| TASK |
Return the data verbatim, without pictures.

═══ DATA FOR THE TASK

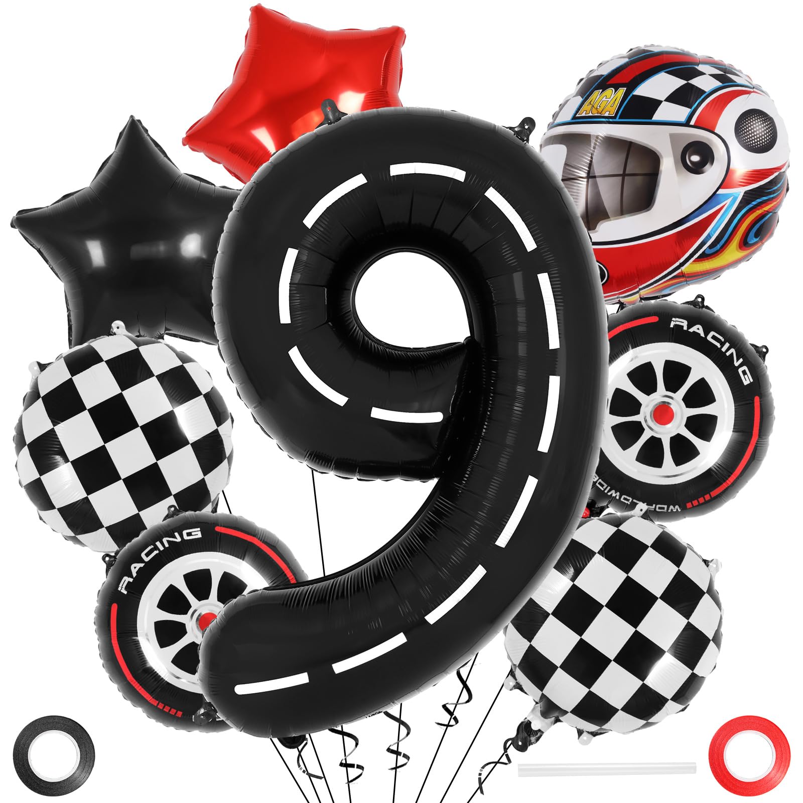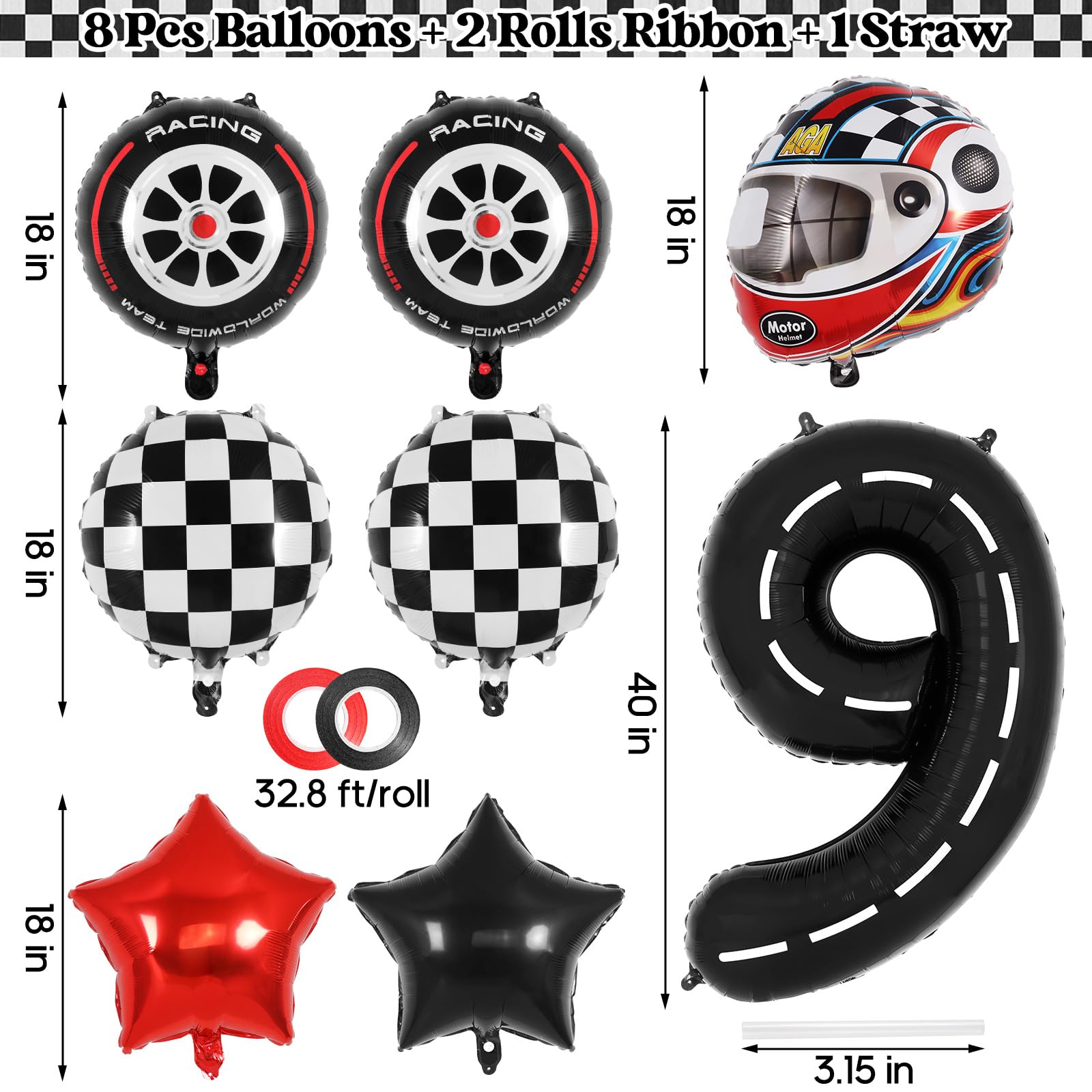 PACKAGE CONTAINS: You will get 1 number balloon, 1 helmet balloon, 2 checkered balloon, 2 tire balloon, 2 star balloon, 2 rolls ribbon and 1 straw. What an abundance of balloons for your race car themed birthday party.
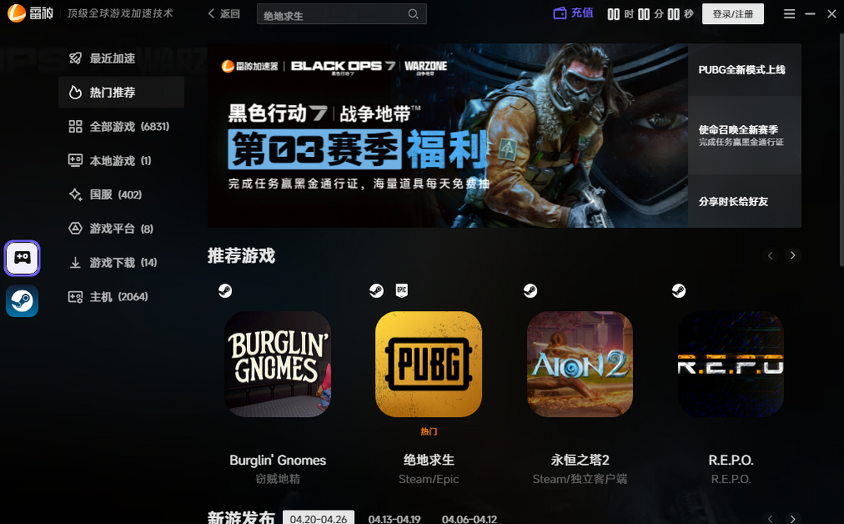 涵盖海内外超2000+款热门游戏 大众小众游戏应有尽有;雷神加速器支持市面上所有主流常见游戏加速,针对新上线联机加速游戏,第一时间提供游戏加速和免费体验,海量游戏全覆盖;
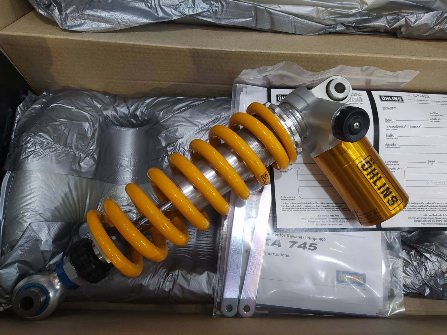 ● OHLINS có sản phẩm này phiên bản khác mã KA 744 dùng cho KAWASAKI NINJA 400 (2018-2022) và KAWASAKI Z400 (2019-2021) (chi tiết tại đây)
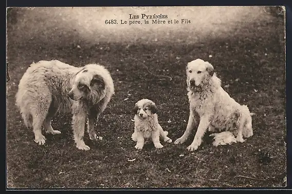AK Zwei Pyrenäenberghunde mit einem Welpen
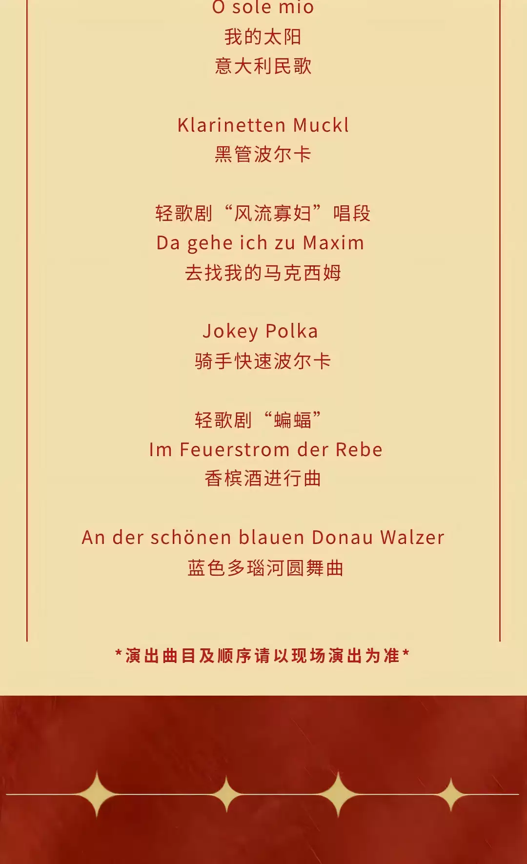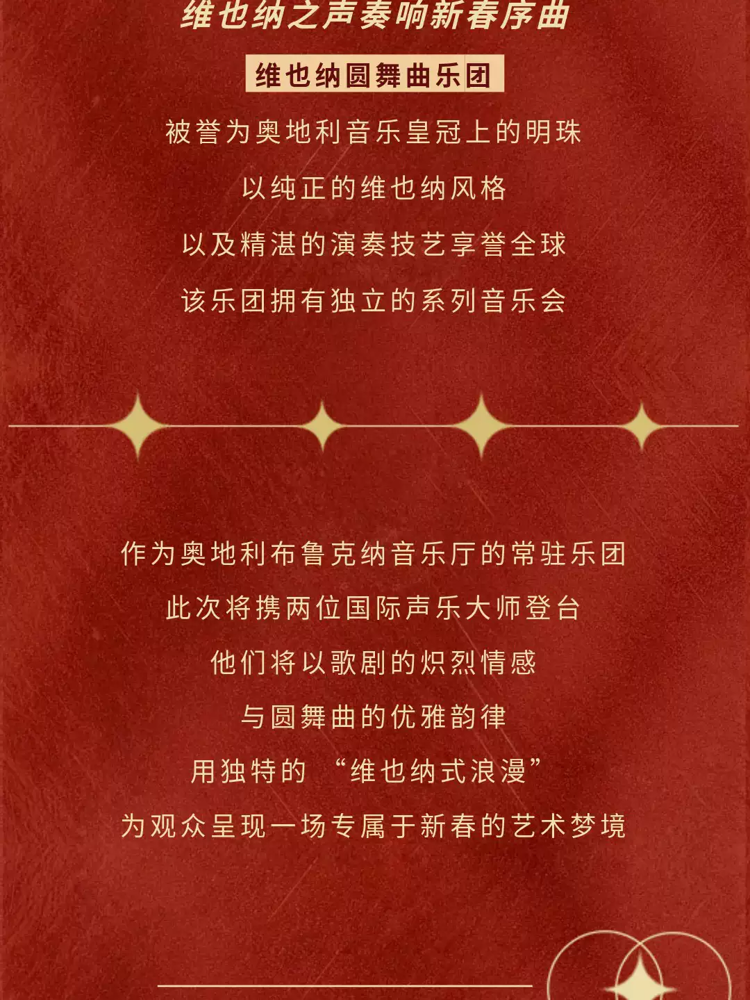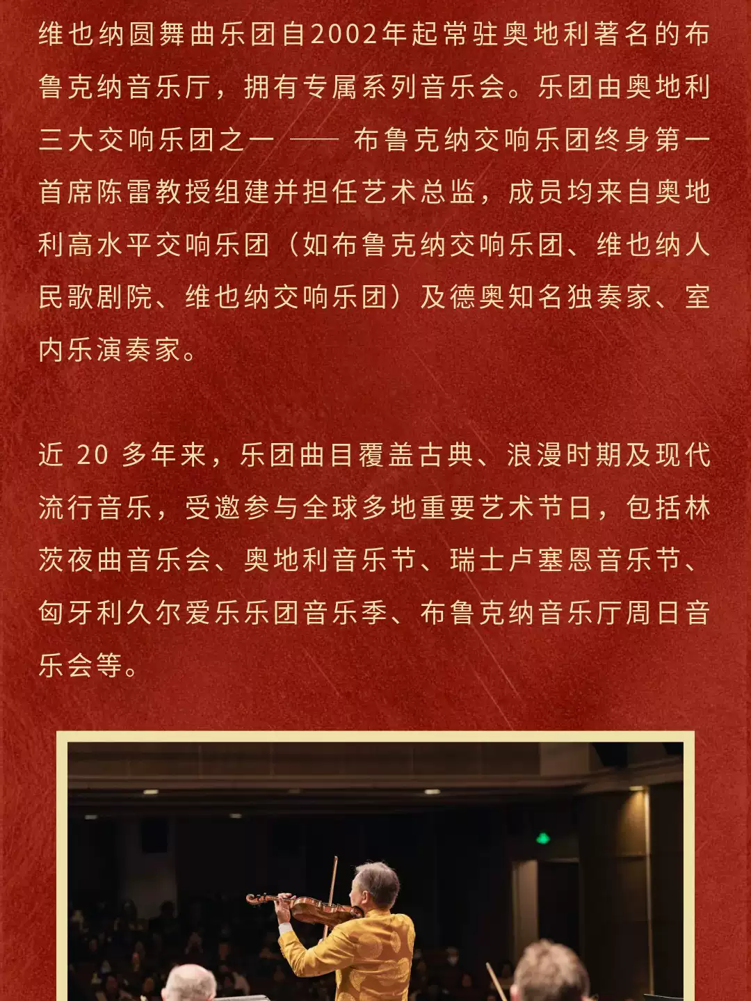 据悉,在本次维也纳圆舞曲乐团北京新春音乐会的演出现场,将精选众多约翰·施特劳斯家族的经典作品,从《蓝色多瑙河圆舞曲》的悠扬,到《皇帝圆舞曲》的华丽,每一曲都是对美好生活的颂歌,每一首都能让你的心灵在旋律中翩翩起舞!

══════

| TASK RESPONSE |
 PACKAGE CONTAINS: You will get 1 number balloon, 1 helmet balloon, 2 checkered balloon, 2 tire balloon, 2 star balloon, 2 rolls ribbon and 1 straw. What an abundance of balloons for your race car themed birthday party.
 涵盖海内外超2000+款热门游戏 大众小众游戏应有尽有;雷神加速器支持市面上所有主流常见游戏加速,针对新上线联机加速游戏,第一时间提供游戏加速和免费体验,海量游戏全覆盖;
 ● OHLINS có sản phẩm này phiên bản khác mã KA 744 dùng cho KAWASAKI NINJA 400 (2018-2022) và KAWASAKI Z400 (2019-2021) (chi tiết tại đây)
AK Zwei Pyrenäenberghunde mit einem Welpen
 据悉,在本次维也纳圆舞曲乐团北京新春音乐会的演出现场,将精选众多约翰·施特劳斯家族的经典作品,从《蓝色多瑙河圆舞曲》的悠扬,到《皇帝圆舞曲》的华丽,每一曲都是对美好生活的颂歌,每一首都能让你的心灵在旋律中翩翩起舞!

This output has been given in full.